مجلة الجيولوجيا والتعدين العراقية وزارة الصناعة والمعادن - وزارة الصناعة والمعادن -المجلد: 12 الاصدار: 2 -2016  الصفحات: 13-28 

MORPHOMETRIC ASSESSMENT OF TECTONIC ACTIVITY IN "GALAL AL-DURA" DRAINAGE BASIN, EAST OF IRAQ Luay D. Yousif1 and Ra’ad M. Dawood

ABSTRACT

  "Galal Al-Dura" is a small drainage basin of an area of 1035.4 Km², located at the middle part of the eastern borders of Iraq, south of the town of Mandili. This basin is a small seasonal stream, locally called as "Galal Al-Dura”. It is drained in "Hour Al-Shibicha" to its southwest, which is a part of Tigris River basin.
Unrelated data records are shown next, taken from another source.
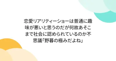 恋愛リアリティーショーは普通に趣味が悪いと思うのだが何故あそこまで社会に認められているのか不思議「野暮の極みだよね」
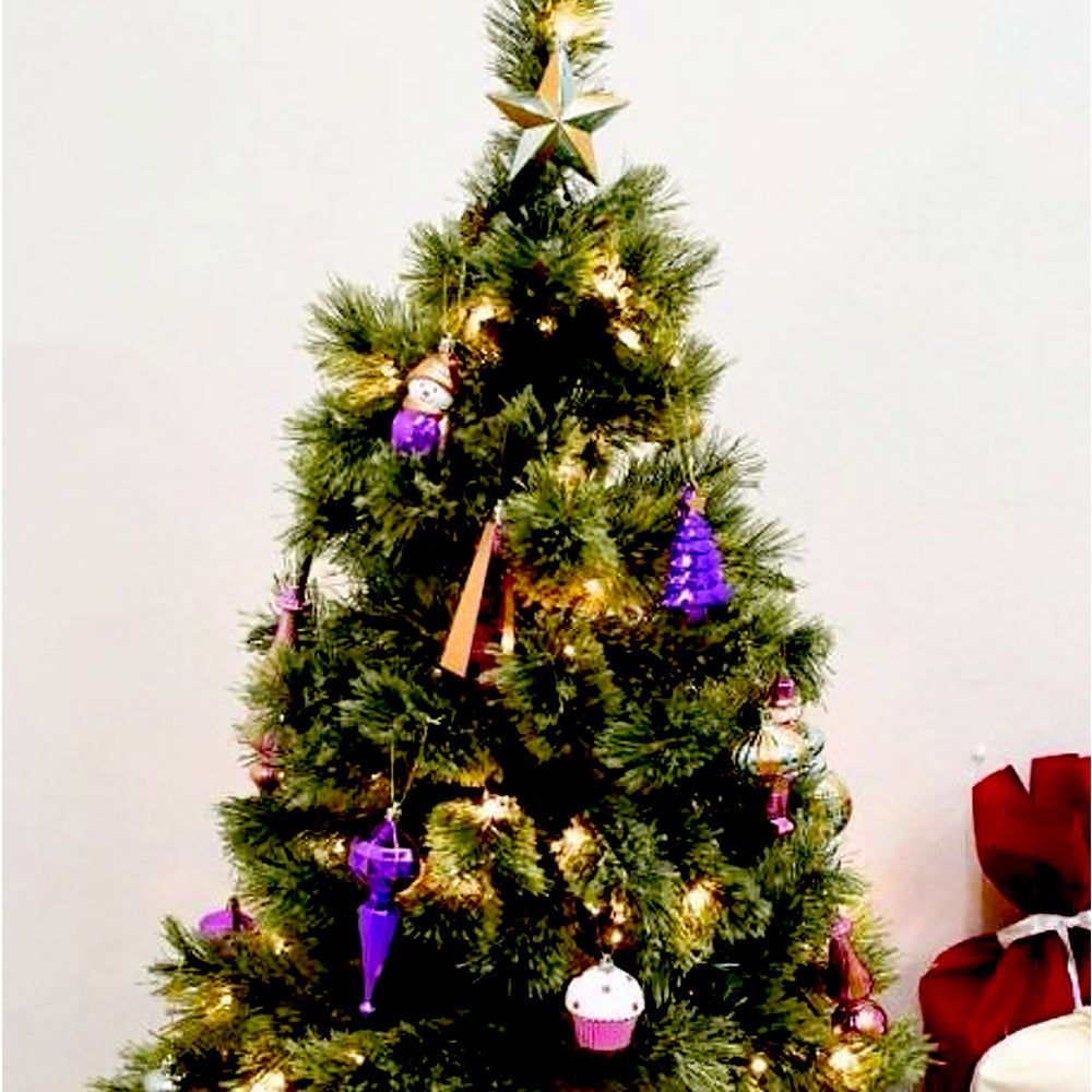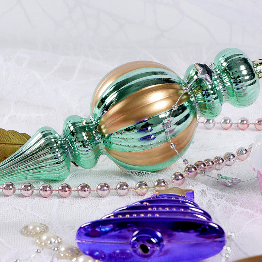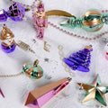 1. 22 pcs Christmas Decoration Balls Set: A unique, premium Pink, Purple & Mint themed Christmas decoration set featuring 22 beautiful ornaments. Designed in quirky pastel festive tones, this exquisite assortment offers a stunning mix of long baubles, nutcracker figurines, geometric shapes, stars, cupcakes, and decorative Christmas icons.
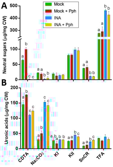Thereafter, the fractions were subjected to acid hydrolysis, and neutral sugar composition was determined by gas chromatography (Figure 6). After the INA pretreatment, no neutral sugars were detected in CDTA and Na2CO3 fractions, probably due to an increment in the uronic acid to neutral sugar proportion in these fractions (Figure 5), which makes the neutral sugar quantification difficult [62]. In these pectin-enriched fractions (Figure 6A,B), the Pph inoculation produced increments in rhamnose (Rha) and arabinose (Ara) concentrations, most likely arising from RG-I. Additionally, Ara and galactose (Gal) also increased in SnCR and TFA fractions in Mock + Pph (Figure 6E,F), pointing also to an enrichment in arabinogalactans.
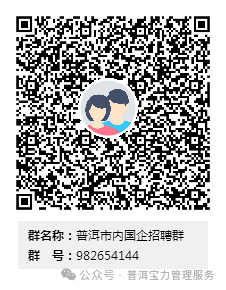 (四)招聘工作期间,报考人员应及时关注招聘工作信息(微信公众号“普洱宝力管理服务”,二维码附后),并扫码加入本次招聘考试QQ群(二维码附后);保持联系电话畅通,因通讯不畅等原因导致相关后果由报考人员本人承担。
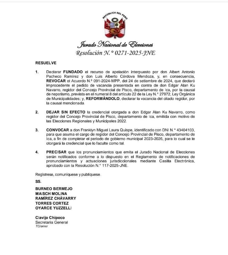 Como parte de esta decisión, también se dejó sin efecto la credencial otorgada a Alan Kú tras las elecciones municipales de 2022, y se dispuso la incorporación de Franklyn Miguel Laura Quispe como nuevo regidor del Concejo Provincial de Pisco, para completar el periodo 2023-2026. El JNE emitirá la credencial correspondiente para su incorporación formal.

The studied basin is investigated to examine the influence of tectonic activity through analysis of the geomorphic indices computed using Geographic Information System (GIS).

  The results of the calculated geomorphic indices indicate that both the of Asymmetry Factor (Af), and Basin Shape (Bs) indices show relatively high tectonic activity, whereas, the Hypsometric curve and the Hypsometric Integral (Hi), valley floor width to height Ratio (Vf), stream length-gradient (Sl), and mountain front sinuosity (Smf) indices, indicate that the old stage of the stream shows less tectonic activity. This low tectonic activity is characterized by a landscape with very subdued relief associated with low uplift rates, due to the weak sediments type of the alluvial fan that cover large part of the basin. Furthermore, the relative tectonic activity index (Iat) is found to be 2.33 (within class 3), which suggests a moderate tectonic activity in the basin. Two hundred and thirty eight structural lineaments, based on GIS aspect spatial analyst tools are drawn manually; their bearings are measured and represented as rose diagrams.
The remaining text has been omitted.